Monday, March 14, 2011

STORY OF THE EYE



A pair of teenagers fall in love and have a series of pornographic and increasingly violent adventures including teen orgies, blood-letting, the stuffing of hardboiled eggs into various orifices, golden showers, beating and strangling priests with their own holy implements, watching matadors get gored by bulls, and eyeballs. A genuine love story.

First Sentence:
“I grew up very much alone, and as far back as I recall I was frightened of anything sexual.”


[from a magazine article: http://www.tu-harburg.de/rzt/rzt/it/ork.html]

Rachtman asks Björk the name of that weird book she kept talking about the last time she was on. It was Georges Bataille's Story of the Eye. "I might just make it my mission to make everyone in the world read this book," Björk declares. "It says you do whatever you want, even if it's morally incorrect."

Like what? wonder the "Loveline" team. "For instance," she explains, "if you feel like a train is running through your head, it is. And if you feel like putting eggs inside your bottom, you should." The "Loveline" hosts find this a little much, but she persists.

"There's no such freedom in the world," she says, "that you can pick anything you want and put it in your butt." A caller is put through. Perhaps she will join in this debate. "Björk, I think your accent is really cute." Perhaps not.

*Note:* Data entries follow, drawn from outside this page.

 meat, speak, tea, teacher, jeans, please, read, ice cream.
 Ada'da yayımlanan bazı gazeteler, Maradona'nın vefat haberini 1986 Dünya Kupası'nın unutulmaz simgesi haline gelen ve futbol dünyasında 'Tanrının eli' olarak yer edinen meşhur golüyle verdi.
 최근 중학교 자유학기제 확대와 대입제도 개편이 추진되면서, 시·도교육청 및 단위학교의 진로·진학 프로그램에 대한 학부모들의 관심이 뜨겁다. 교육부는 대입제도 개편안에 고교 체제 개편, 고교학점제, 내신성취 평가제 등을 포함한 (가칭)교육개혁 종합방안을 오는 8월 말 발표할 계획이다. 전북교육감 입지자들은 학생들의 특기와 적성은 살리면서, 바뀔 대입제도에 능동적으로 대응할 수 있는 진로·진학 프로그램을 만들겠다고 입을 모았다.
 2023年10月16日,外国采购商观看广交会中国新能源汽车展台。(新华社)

BJÖRK READ THE STORY OF THE EYE WHEN SHE WAS SEVENTEEN. She was working at a fish factory, standing there from seven in the morning until seven at night, cutting fish and pulling out worms with tweezers, sadly, quietly watching fellow workers who were spending their whole lives doing this. It really got to her. "I was still very shy," she explains. "I was all hairy and wet on the inside, not saying anything, double double shy." Her boyfriend gave her the book. "It was one of these books that proved to me that I was not insane."

Written in 1928, it is a short novel, but it packs into its few pages almost endless violations. There are rapes. There is a murder. Eggs and the testicle of a freshly killed bull disappear up various orifices. At the book's climax, the eyeball of a murdered priest is used instead. "It's not to be taken literally," Björk tells me. "It's a mind thing. You know when you wake up in the morning, and you've dreamed you are Elvis Presley? Do you know what I mean?"

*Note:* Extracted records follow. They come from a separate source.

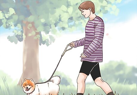 Exercise your dog. Dogs who are used to being outside may be more used to running around the yard and expending their energy. When you bring them indoors, they may not get the same level of exercise. This can cause them to bark more or chew on things. Make sure you are helping your dog get enough exercise. This may mean you need to take your dog walking every day. You can also take them into the yard and let them run around or play fetch with them.
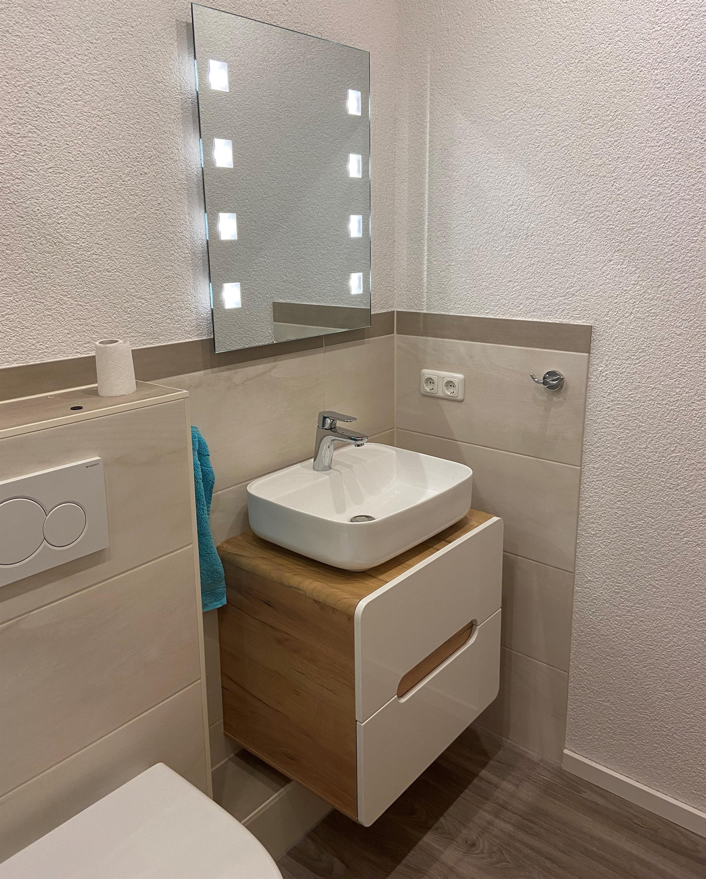 1 hell gefliestes Bad/WC mit Föhn und Personenwaage.
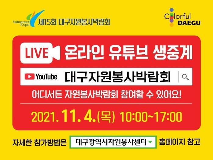 2006년을 시작으로 제15회째를 맞는 ‘대구자원봉사박람회’는 11월 4일(목) 10시 시청별관 대강당에서 코로나19 방역지침을 준수해 개막식을 개최하고, ‘대구자원봉사박람회’ 유튜브와 ‘같이봉사’ 어플을 통해 식전영상과 공연, 개막식, 자원봉사 프로그램(6개) 등이 실시간 생중계해 시민 누구나 참여 가능하다.
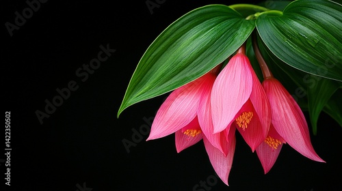 A sharp focus of a vibrant pink blossom, juxtaposed against a dark backdrop, featuring an accentive emerald foliage atop
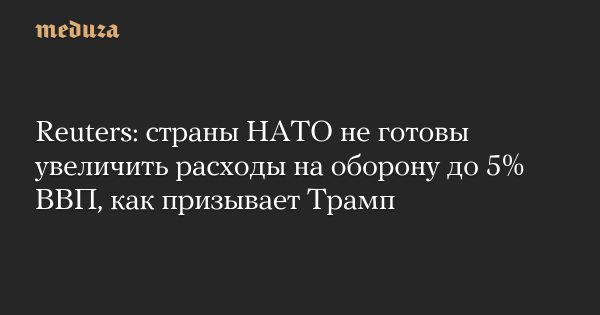 По словам аналитиков, опрошенных Reuters, цель в 5% будет политически и экономически невозможна почти для всех членов альянса — это потребует сотен миллиардов долларов дополнительного финансирования.
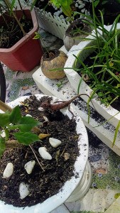 Sáng nay ra sân thấy một đống đất vung vãi từ chậu hoa nguyệt quế tụi mình vừa mua trồng hôm trước. Mình chẳng hiểu sao, và nghĩ là do đám chim sâu như trước nay mình vẫn tưởng vậy khi có đất vung vãi trong sân. Nhưng không phải. Nhìn kỹ thì thấy có một kẻ đang đào bới, thấy mình đến gần thì đứng im, dường như không có chuyện gì xảy ra. Rồi khi mình theo dõi, chụp hình, quay phim “bắt quả tang”, hắn liền bỏ dở việc đào bới và chạy đi chỗ khác.

Well, I never have actually dreamed I was Elvis Presley, but... "No, not me either. I'm just saying. It's about all the things that you think about, even though they don't happen in real life. With that sort of freedom, you can play games with your mind and feel quite healthy about it. It was very good for a seventeen-year-old to read that book."

So it didn't make you think, "Oh wow, maybe it would be fun to stick an egg up my bum....?"

"No. Honestly, I didn't."

She reads the book once in a while and gives it to new people she really likes. I ask her about the video Venus as a Boy, in which she suggestively fondles an egg while singing explicitly about copulation. In the video the egg is eventually fried. This touches off a slightly sore spot for Björk. She gave Sophie Muller, the video director, a copy of Story of the Eye a couple of days before they filmed the but didn't insist that she read it. Muller didn't have the time.

"She kept going on about it being fried," sighs Björk with exasperation. "I was saying, `No way is that book about a fried egg! I'm sorry. Poached? Okay. Boiled? Okay. Raw? Okay. But not fried."

And a fried egg is unsuitable because......?

"Because it's too hard. It's rough and it's greasy, It should be about being sort of liquidy and wet and soft and open....."

After the video was finished, Sophie called Björk. She had read the book. Now she agreed with Björk: Fried was the wrong egg.